Researchers are racing to detect Omicron, the latest SARS-CoV-2 variant of concern, by sequencing the genomes of coronaviruses infecting people. But surveillance through genomic sequencing can be slow and patchy, complicating the picture of how and where Omicron spreads.
One positive development is that researchers are sequencing more SARS-CoV-2 genomes than ever before. This is what enabled them to notice Omicron relatively swiftly. Last April — about 16 months into the pandemic — an online database belonging to the GISAID data-science initiative contained one million SARS-CoV-2 genomic sequences. Since then, researchers have submitted another five million sequences to GISAID in about eight months — a nearly tenfold rate increase (see ‘Genome explosion’). “We are in much better shape to find Omicron or any other emerging variant now,” says Kelly Wroblewski, director of infectious diseases at the Association of Public Health Laboratories in Silver Spring, Maryland.
Yet researchers warn that there are still troubling gaps in sequencing data that make any interpretation of a variant’s movement fraught. “The numbers are complex, and there are so many caveats,” Wroblewski says. For one, some countries don’t have the laboratory capacity to sequence pathogen genomes, so it might look like those places have no variants, when in fact the mutated viruses are spreading under the radar.
Sequencing rates vary within countries, as well, yielding an uneven picture of how a variant is spreading within a nation’s borders. For instance, 10 US states have sequenced less than 2% of the coronaviruses infecting people who tested positive for COVID-19 in those states in the past month, according to sequences posted at GISAID. By contrast, Wyoming, Colorado and Vermont sequenced more than 10% of their positive cases over the same time frame (see ‘States of surveillance’).

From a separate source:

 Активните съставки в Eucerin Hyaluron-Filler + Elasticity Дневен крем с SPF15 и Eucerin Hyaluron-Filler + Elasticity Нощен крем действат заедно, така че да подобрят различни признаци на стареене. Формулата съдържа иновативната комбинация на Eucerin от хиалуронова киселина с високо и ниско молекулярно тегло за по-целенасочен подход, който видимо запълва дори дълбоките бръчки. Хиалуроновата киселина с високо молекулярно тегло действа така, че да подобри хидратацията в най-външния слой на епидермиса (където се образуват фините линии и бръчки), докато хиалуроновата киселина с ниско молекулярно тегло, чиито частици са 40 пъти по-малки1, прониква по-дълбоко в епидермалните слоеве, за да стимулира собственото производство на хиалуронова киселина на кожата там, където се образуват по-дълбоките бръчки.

But even if a location is sequencing many of its positive cases, variants could still slip by if testing is poor or biased. “It’s easy to sequence 100% of your cases if you only test a few people to begin with,” explains Jennifer Nuzzo, an epidemiologist at Johns Hopkins University in Baltimore, Maryland. For example, some countries mainly test international travelers. Even if they sequence all of those samples, they might miss a concerning variant that is circulating domestically.
Minding the data gap
Faced with such surveillance challenges, epidemiologist Sam Scarpino and his colleagues at the Pandemic Prevention Institute at the Rockefeller Foundation in Washington DC have been seeking new ways to understand the spread of variants. One method is to use a model they’ve developed to estimate how prevalent Omicron would need to be in a given locality before it would be detected by public-health officials, given the state of testing and sequencing in that particular area. Omicron would need to be relatively common for researchers to identify it in a place with little surveillance, for example.

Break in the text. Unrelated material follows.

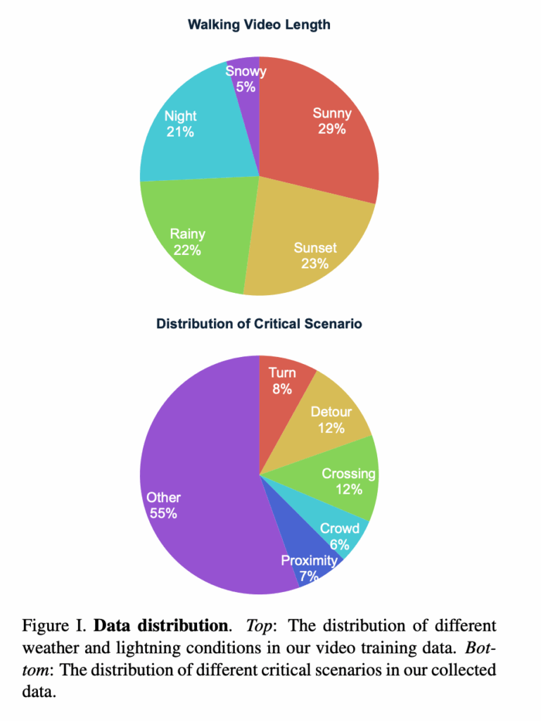 저자들은 인터넷에서 수집한 city walking 비디오(1인칭 시점-person view)를 활용합니다. 이러한 비디오들은 보행자와의 상호작용, 교통 신호 준수, 다양한 장애물 회피와 같은 동적인 도시환경을 내비게이션 할 때의 복잡성을 자연스럽게 담고 있다고 합니다. 따라서 저자들은 다양한 날씨, 조명 조건을 포함하는 2000시간 이상의 도시 보행 비디오 데이터셋을 구축합니다.

The team is also constructing timelines using Omicron reports that are uploaded to GISAID each day, to draw a clearer picture of detection. They order sequences on the basis of the dates that the samples were collected — rather than when they appear online in the database. Timing can be confusing because weeks might pass between when a person tests positive for the coronavirus and when a sample is shipped to a genomics lab, sequenced and then reported online and to authorities. For example, according to data that was on GISAID as of 9 December, the first person known to have been infected with Omicron was sampled in South Africa on 8 November, about three weeks before the viral sequence for that particular sample was posted online — and nearly two weeks before South Africa’s first report of Omicron. Since then, more data have streamed in, and a new sequence of Omicron dates back to a sample that had been collected in South Africa on 5 November. In contrast, hardly two days passed between sampling the first person known to have been infected in Spain and sequencing (see ‘Sequence of events’).
Dave Luo, a data scientist who advises Rockefeller’s pandemic institute, warns that this type of timeline can’t alone determine how Omicron is spreading. To do that, scientists must compare the genetic codes of different SARS-CoV-2 sequences, building an evolutionary tree that shows how closely related one virus is to another. Genomic epidemiologists, such as those working on the Nextstrain project, are currently conducting these sorts of analyses.

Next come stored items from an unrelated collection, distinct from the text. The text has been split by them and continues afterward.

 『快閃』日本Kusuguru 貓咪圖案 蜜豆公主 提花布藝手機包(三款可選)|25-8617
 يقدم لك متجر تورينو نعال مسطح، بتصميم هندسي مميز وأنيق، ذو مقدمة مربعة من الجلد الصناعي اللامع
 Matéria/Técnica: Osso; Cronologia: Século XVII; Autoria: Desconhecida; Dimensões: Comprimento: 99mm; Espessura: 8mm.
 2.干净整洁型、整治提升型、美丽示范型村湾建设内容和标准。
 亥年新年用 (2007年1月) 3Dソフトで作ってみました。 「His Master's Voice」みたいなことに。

All of these studies are evolving daily as new Omicron sequences pour in from around the world. A hint of how fast this field is moving can be seen in the rapid rise in genomes reported after the World Health Organization named Omicron a variant of concern on 26 November. Soon after the agency’s announcement, 15 countries submitted 187 genomic sequences belonging to Omicron to GISAID. By 14 December, 55 countries had shared 4,265 Omicron sequences. The figures are on course to balloon further — but Luo warns that’s not necessarily representative of how fast the variant is spreading. Many testing centres are preferentially sequencing samples after a simple, fast genotyping test picks up a possible signal for Omicron — a particular amino acid in the gene for its spike protein. As a result, Omicron might be overrepresented among SARS-CoV-2 genome sequences right now.
Genomic information is biased and messy in so many ways, Luo says. “We have to be careful about what we take away from any one source of data.”